FaZe Clan to be acquired by GameSquare:

  • The esports organization’s expected sales price is expected to value FaZe Clan at roughly $16 million, down from $400 million in May.
  • FaZe Clan’s owner-to-be is the esports company backed by Dallas Cowboys owner Jerry Jones.

Read more about FaZe Clan here.

A pre-TwitchCon Q&A with Twitch CMO Rachel Delphin:

  • The Amazon-owned livestreaming platform has had a rocky year on the business and creator relations fronts.
  • This year’s TwitchCon marked the second in the U.S. since the pandemic.

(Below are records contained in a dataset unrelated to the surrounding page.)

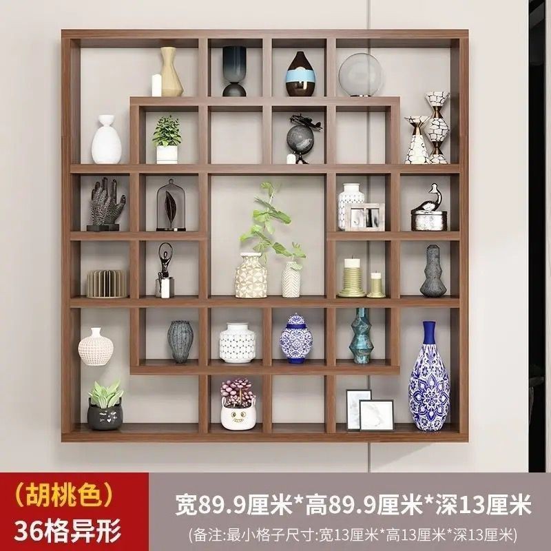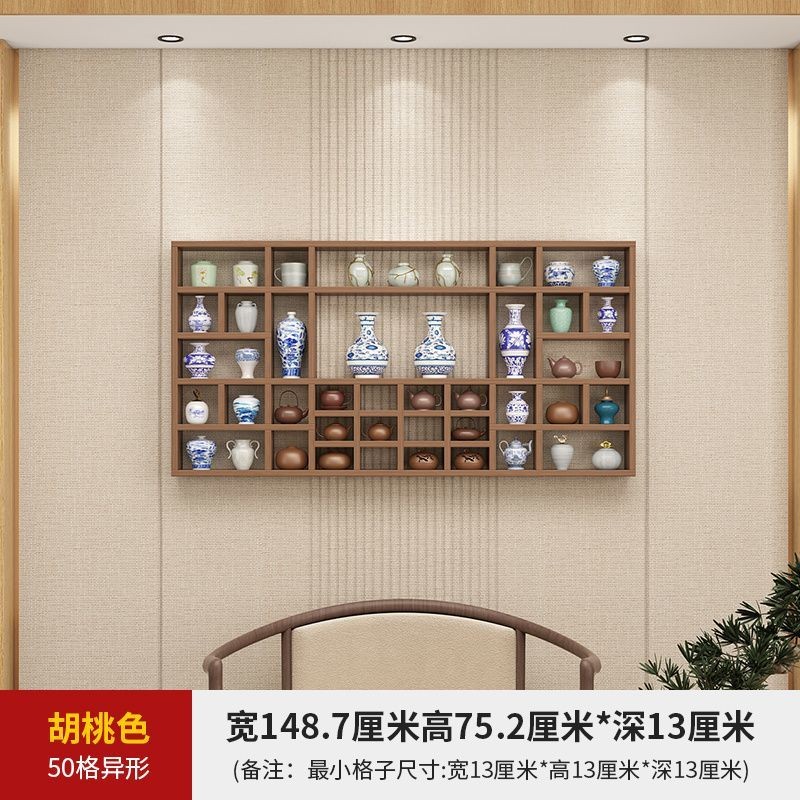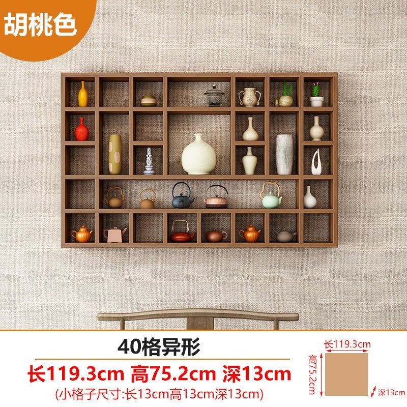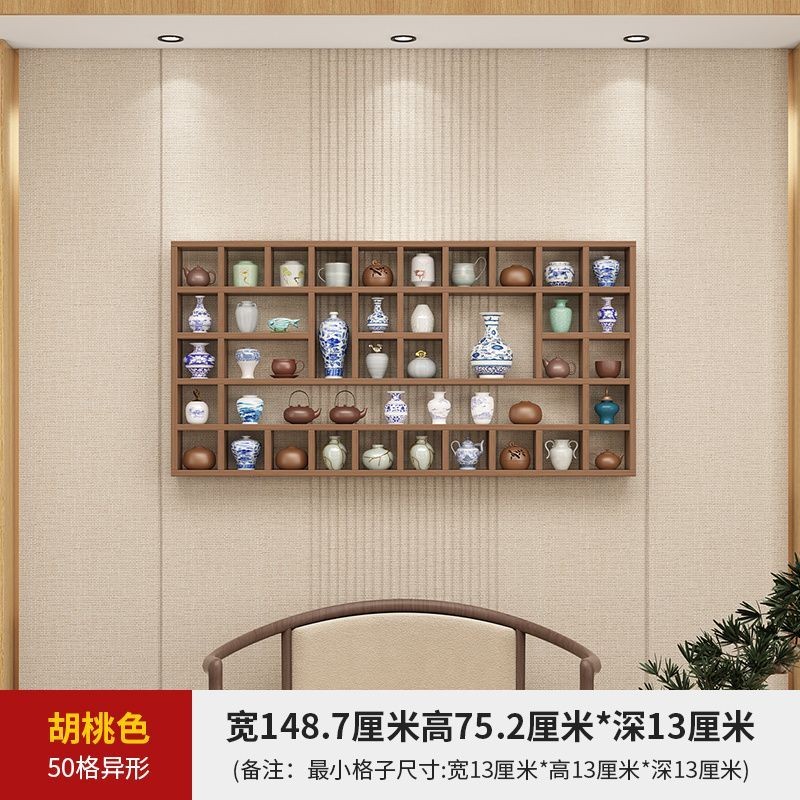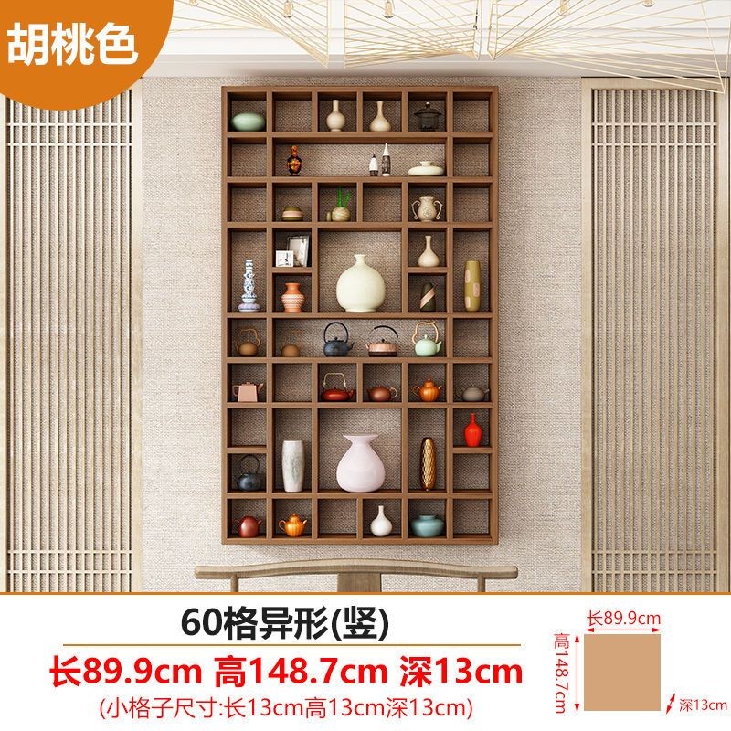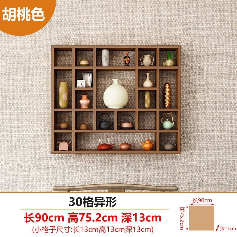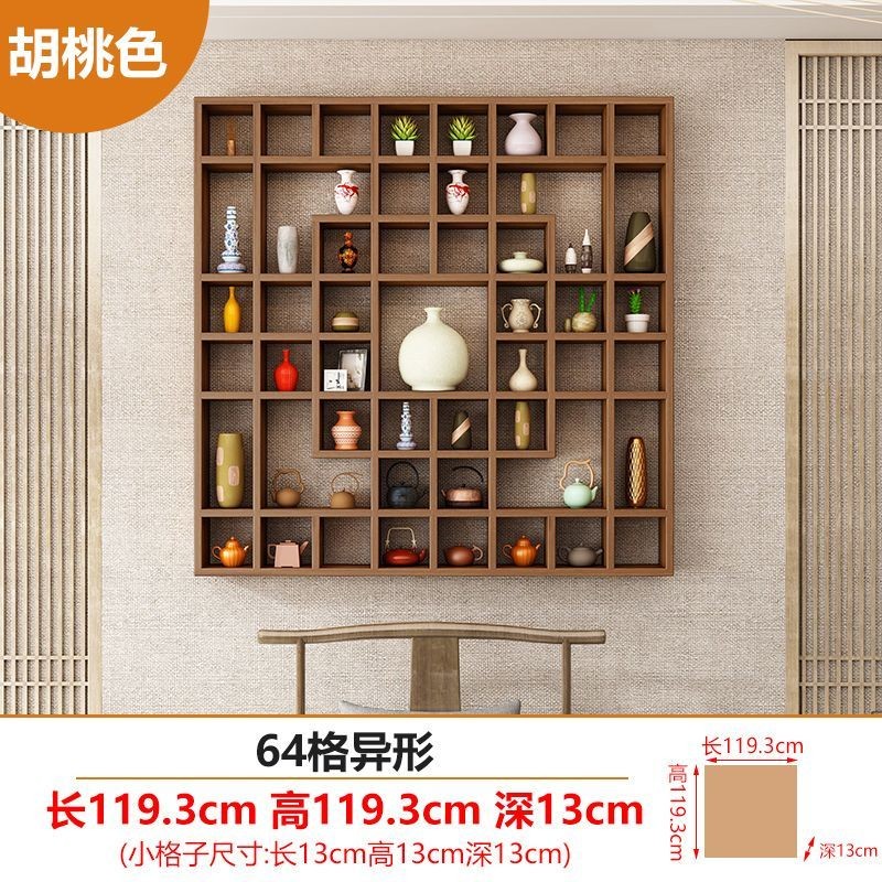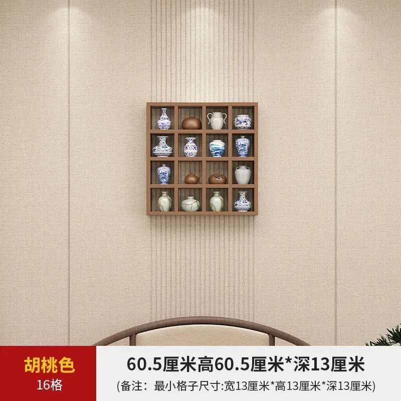 Kệ lưu trữ đa lưới bằng gỗ nguyên khối, kệ trưng bày gắn tường, tủ tổ chức đa lưới, kệ đựng ấm trà, tách trà, tủ đa kho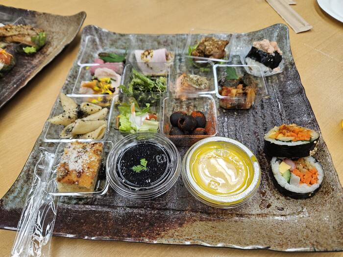 写真に写っているプチおむすびとキンパは、ご飯ものがお寿司1貫のみだったため、少し物足りないかもしれないと思い、近くのお店で追加したものです。別途オプションでおにぎりやおいなりさん、サンドイッチなどを追加できると、量の調整ができてより使いやすいと思いました。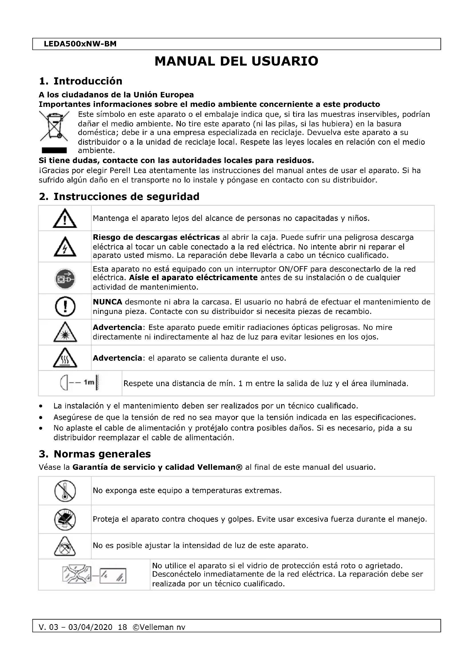 Velleman NV dispone de los derechos de autor para este manual del usuario. Todos los derechos mundiales reservados. Está estrictamente prohibido reproducir, traducir, copiar, editar y guardar este manual del usuario o partes de ello sin el consentimiento previo por escrito del propietario del copyright.LEDA500xNW-BM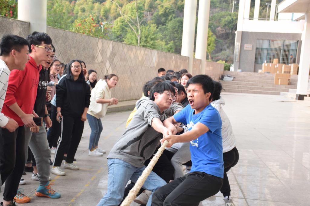 游戏共分为四轮,第一轮游戏叫做“直呼其名”,队员们以小组为单位站成一圈,游戏从任意一名组员开始,大声喊出自己的名字和部门,然后这名组员左边的人要先喊出上一人的名字和部门,再如法炮制,一直持续下去,直到所有人都轮流到一次,用时最短的获胜。最后,第一组以仅用20秒的成绩,在第一轮游戏中先拔头筹。比赛愈渐激烈,在第二轮比赛中,每组选出12人,站成一列,组员用嘴刁着一次性塑料杯,在每列的第一名成员的杯子中倒入足量的水,然后将水向后传送,在这个过程中,除了嘴以外,不能用身体的任意部分触碰杯子,用时最短,并且杯子中剩下最多水的小组获胜。在比赛过程中,大家争先恐后,状况百出,最终,第一组再次以最快的速度和杯中剩下最多的水获胜。在第三轮“穿越火线”的比赛中,两两组进行比拼,每一组的成员们利用自己的奇思妙想,将绳子摆造成任意形状,给自己的对手加大通行的难度,最快并且碰到绳子次数最少的才能赢得胜利。在这一轮比赛中,第七组傲视群雄。最后一轮的拔河比赛,将本次活动推向了高潮。在比赛开始前,经过抽签,将八个组分为两队,每队选出25个人进行拔河比赛,其余人呐喊助威。最后在加油声中,经过激烈的比拼,由第一、五、七、八组组成的2队以二比一的成绩获得了胜利。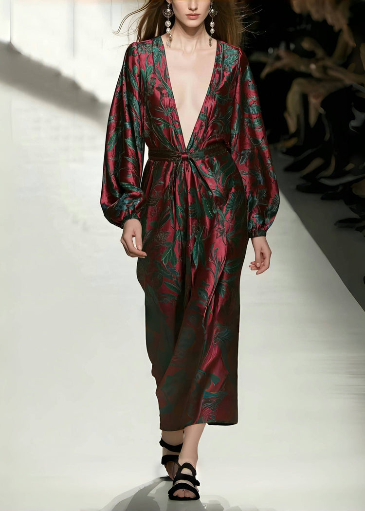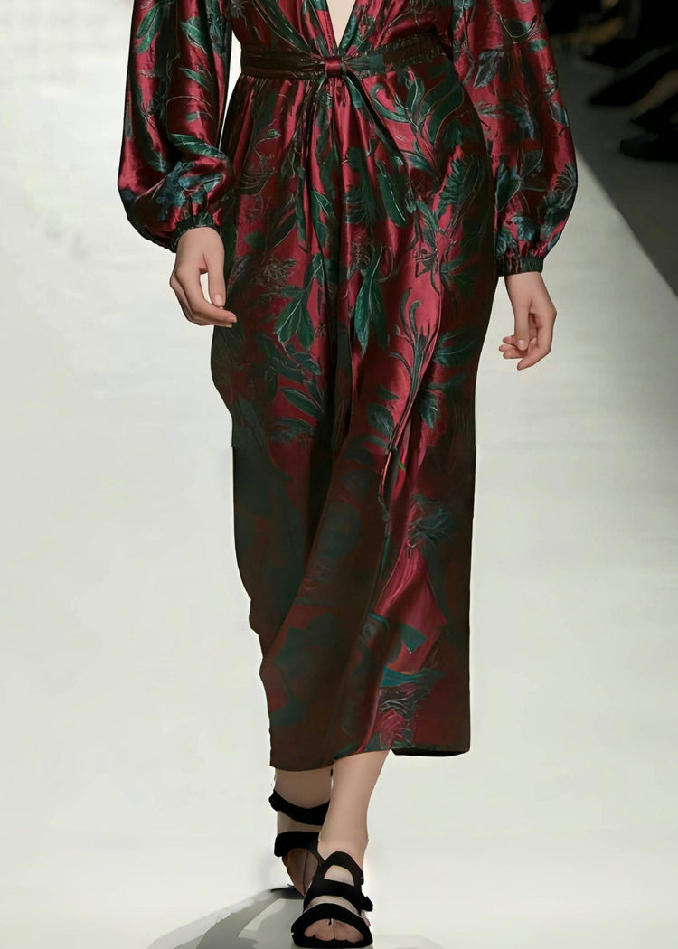 Casual Mulberry V Neck Print Silk Vacation Dresses Spring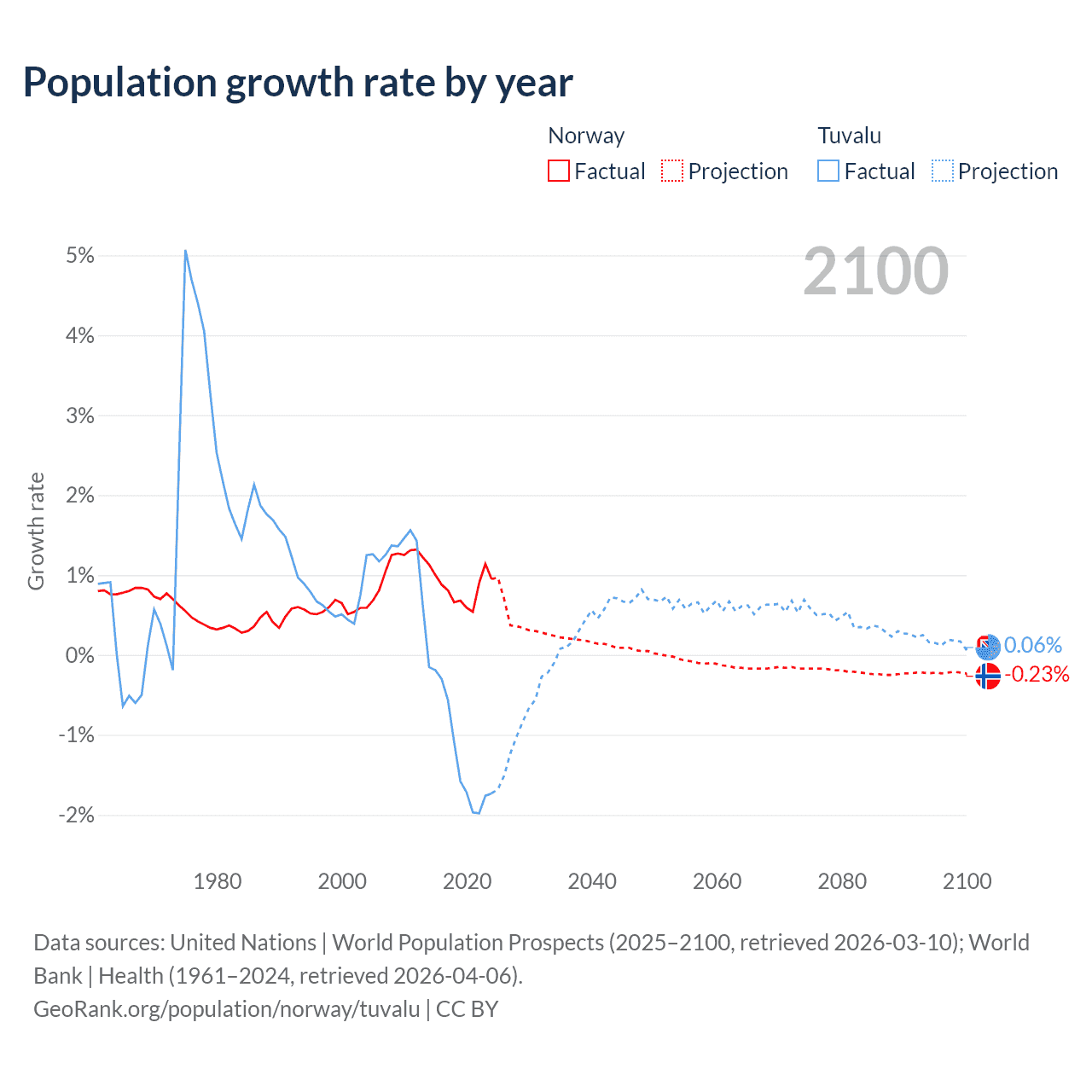 - For the last 10 years, Norway has had an average growth rate of +0.85% per year vs -1.19% in Tuvalu.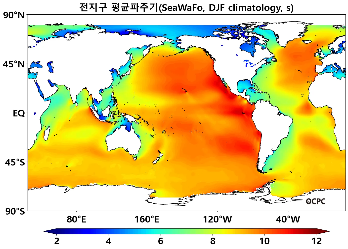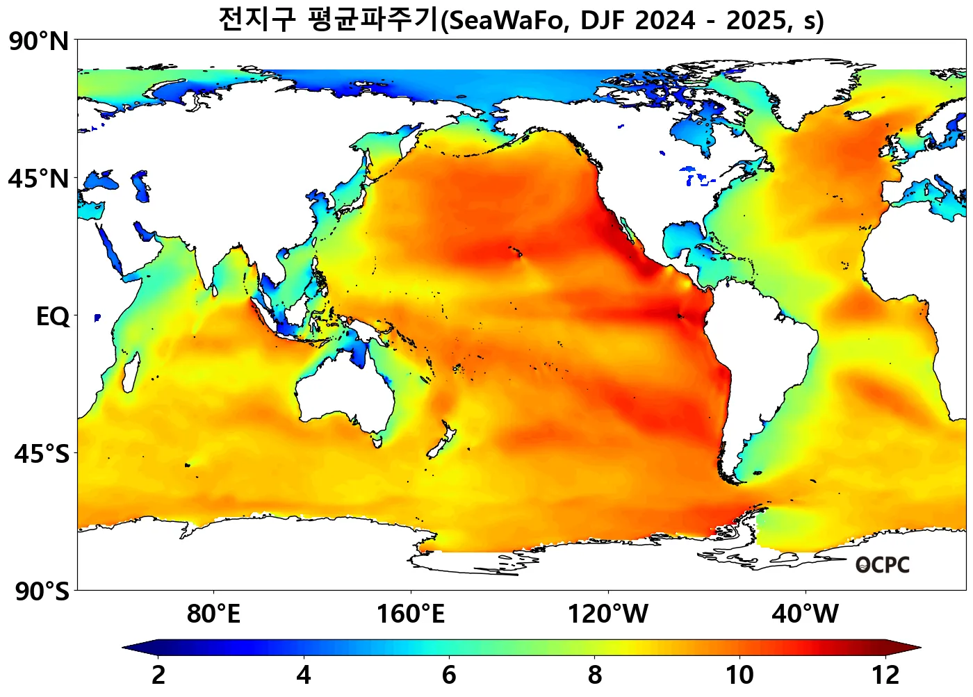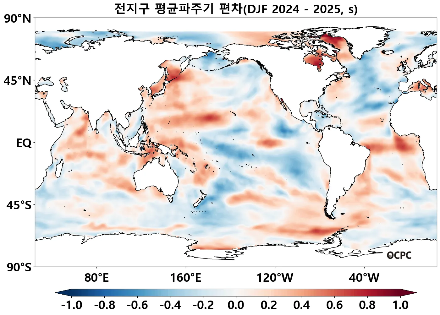 전지구 2024년 12월~2025년 2월 평균파주기는 평년(8.74±0.07초)과 비슷할 것으로 전망됩니다.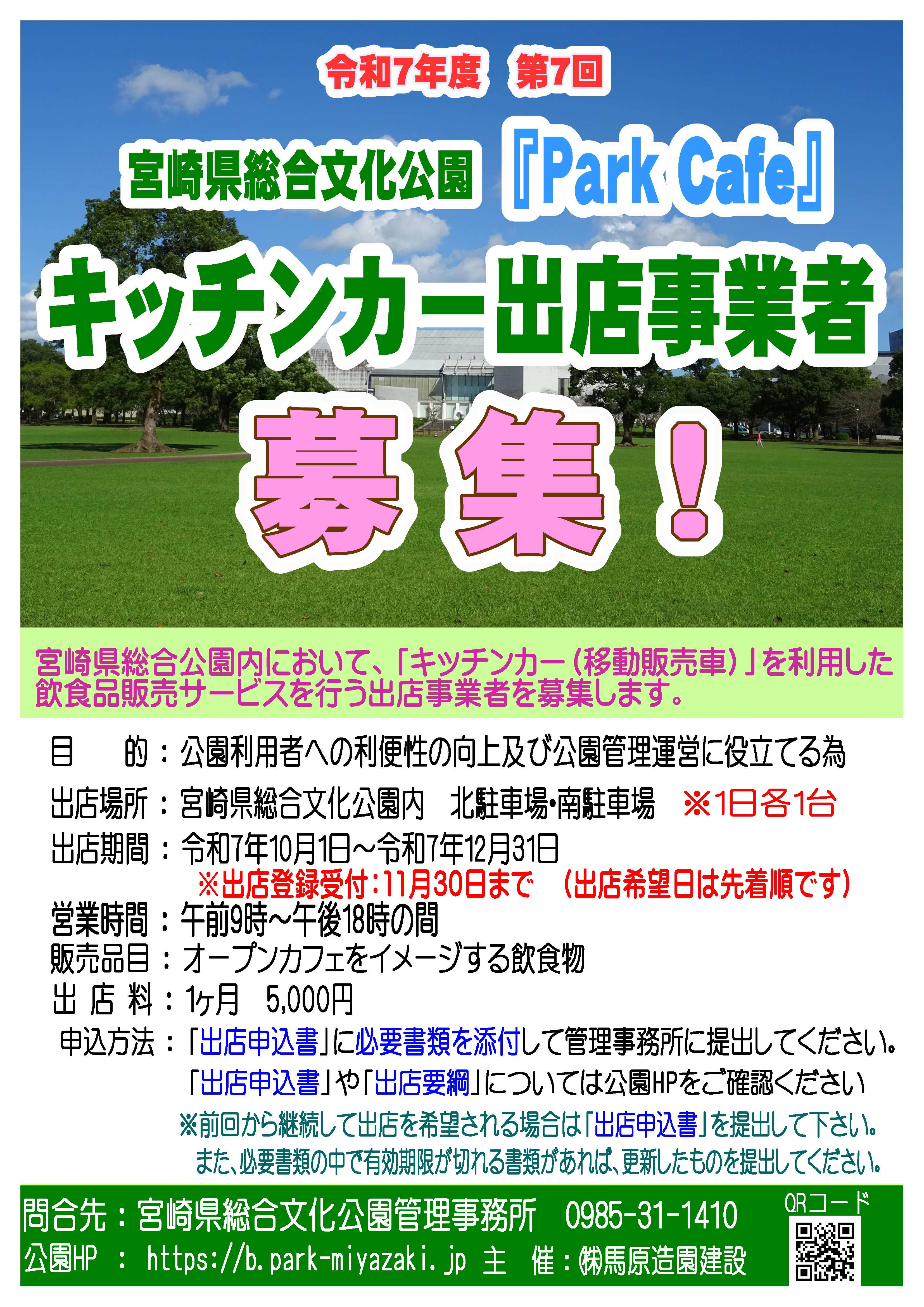 詳細は『宮崎県総合文化公園キッチンカー出店要綱』(PDF)をご確認ください。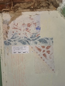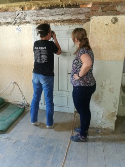 Nach vielen Planungsgesprächen, Begehungen von Umwelt- und Denkmalschutz ist nun endlich auch Bewegung an und im Objekt zu sehen. Erste Sicherungsmaßnahmen an Dach und im Innenbereich wurden vorgenommen und das Projektschild angebracht. Im August führten zwei Restaurateurinnen farbarchäologische Untersuchungen in den Innenräumern durch und konnten interessante Farbzeichnungen herausarbeiten.
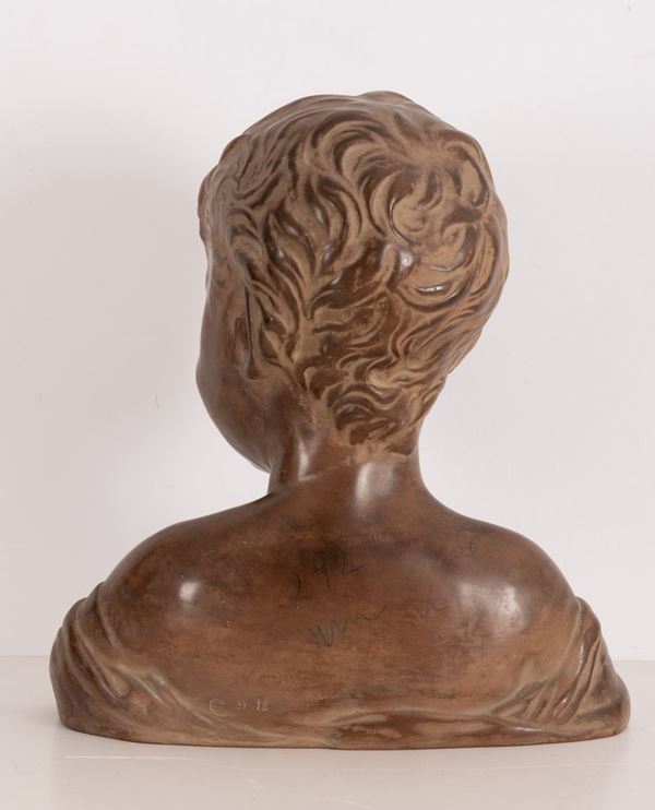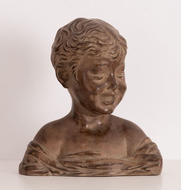 Calco in terracotta dipinta raffigurante volto di fanciullo

Read more about Twitch here.

What we’re reading

Paramount Global’s potential deal:

Paramount Global’s board chair Shari Redstone may look to merge or sell the company spawned by the merger of CBS and Viacom, with Alphabet, Amazon and Apple among the media company’s desired suitors, according to CNBC.

Meta’s Reeling ad pitch:

Advertisers’ interest in Meta’s short-form vertical video ad format has cooled, as has the platform’s efforts to pitch them on Reels ads, according to The Information.

Creators’ Reel cash cow:

Meta’s TikTok clone may not be winning over advertisers, but Meta-owned Facebook is luring TikTok creators to the platform’s money-making opportunities, from its advertising revenue-sharing program to its creator payment programs, according to Insider.

Amazon vs. TikTok:

TikTok’s foray into e-commerce is the platform’s attempt to challenge Amazon as the latter tech giant continues its effort to establish an influencer-driven commerce stream, according to The Wall Street Journal.

The war for gaming creators turns cold:

Game over for the days of Twitch and YouTube shelling out serious cash to sign exclusive livestreaming deals with top gaming creators, according to Bloomberg.